"Mongolia is kind of close, right?" Story about an attempt to ski everywhere in the world where there's snow. And in some places where there isn't. On and off-piste skiing on all continents, skiing into craters of live volcanoes, caving, climbing, photography, and travel.
We call this the "musta joulu" or dark Christmas in Finland. No snow. But there is rain, darkness, and depression. No matter, I have found a steep, muddy hill in Kauniainen and I can go ski that. But what I really wonder is how to take good ski photos in this weather. Would rice help?
And there really is no snow anywhere. The only snowman that I was able to find was inside:
But back to skiing and photography. Maybe I can take good photos on some other day, but I was indeed able to take some photos. As snow I used rice flakes, the kind that we make Christmas porridge with. Here's recipe:
Plenty of glög (mulled wine, served for everyone involved)
"Nalle" rice flakes
Mix the flakes with air and the skier
This recipe works for powdery snow. If you want to simulate wet spring snow, you should make porridge out of the rice flakes first.
But the skiing on mud was great. Of course. But it was very difficult. The main difficulty was turning among the tiny beginnings of trees and plants. When walking, you do not necessarily even recognise that something is growing in the ground, but when you try to make a turn and your skis slide right on the ground, they will hit whatever is growing from the ground at their strongest point near the ground. Make the skis turn takes a lot of effort. I think I succeeded in making one turn after several tries. And took one fall. Once again I noticed that to ski on something else than snow, the slope needs to be very steep. On the backsides of the Kauniainen ice skating hall the hills are steep enough. But when they are steep, you also start to lose traction, and it is easy to fall.
By the way, I used a flash to take the opening picture above with rice flakes. I can also recommend using flash photography in many situations, even in children's sled rides. A flash can fire for 1/20000s, much less than usual camera shutter times. This means that it can freeze flying snow (or rice!) in a very nice way. I used to build small piles of light snow and skied or sledded through. Just 20-30 cm of snow is usually enough to make snow fly around, if you hit it at speed. Set your SLR to all manual and the the flash on a low power setting (e.g., 1/16). This allows you to use continuous shooting mode and take several shots in sequence. Here's one example of a photo taken in this manner:
But I have had enough writing for today, I want to go see something that I got for Christmas, the Pilke free skiing movie from Finland.
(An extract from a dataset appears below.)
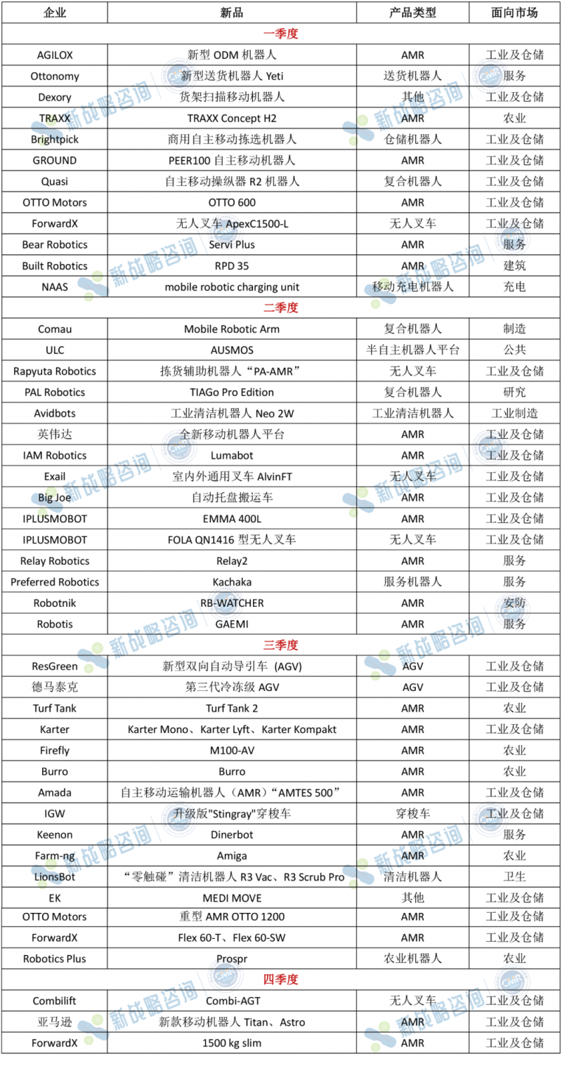 表:2023年國外移動機器人新產品(根據公開信息整理,如有遺漏,請指正!)

Accident. On my way to skiing, just 5 miles from the slopes. Accident, Maryland is a sleepy town in western Maryland. And an infinite source of sign comedy: "Welcome to Accident". "Accident Fire Department". "150 Years in Accident". You can't make this stuff up.
But back to skiing. I was returning from a business trip, and had a day of conference calls ahead before my flight would depart. But by now I had grown weary of the insides of my hotel, and wanted out. I decided to rent a car and have the calls on the way to the slopes. I only got an hour and half on the slopes, but I think the road trip was still worth it. Also, just the driving in Virginia and Maryland is interesting, once you get out of the downtown DC traffic jams. The roads go through hilly countryside and forests.
I visited Wisp, a small ski hill three hours from DC. The weather was snowy, cold and windy. The forests around Wisp had 10-20 cm of untouched, soft powder. Why is it always the case that in small hills no one skies off-piste? The base was a bit rocky, but the it was still fun. The ski area has prepared some of the forest areas for skiing; the rest of the forest was pretty thick. I particularly liked the trees around The Face, a steep run straight from the top towards the lodge. But there were also woods to the skier's left from Squirrel Cage. As you near the lodge at the bottom, however, the forest becomes impassable.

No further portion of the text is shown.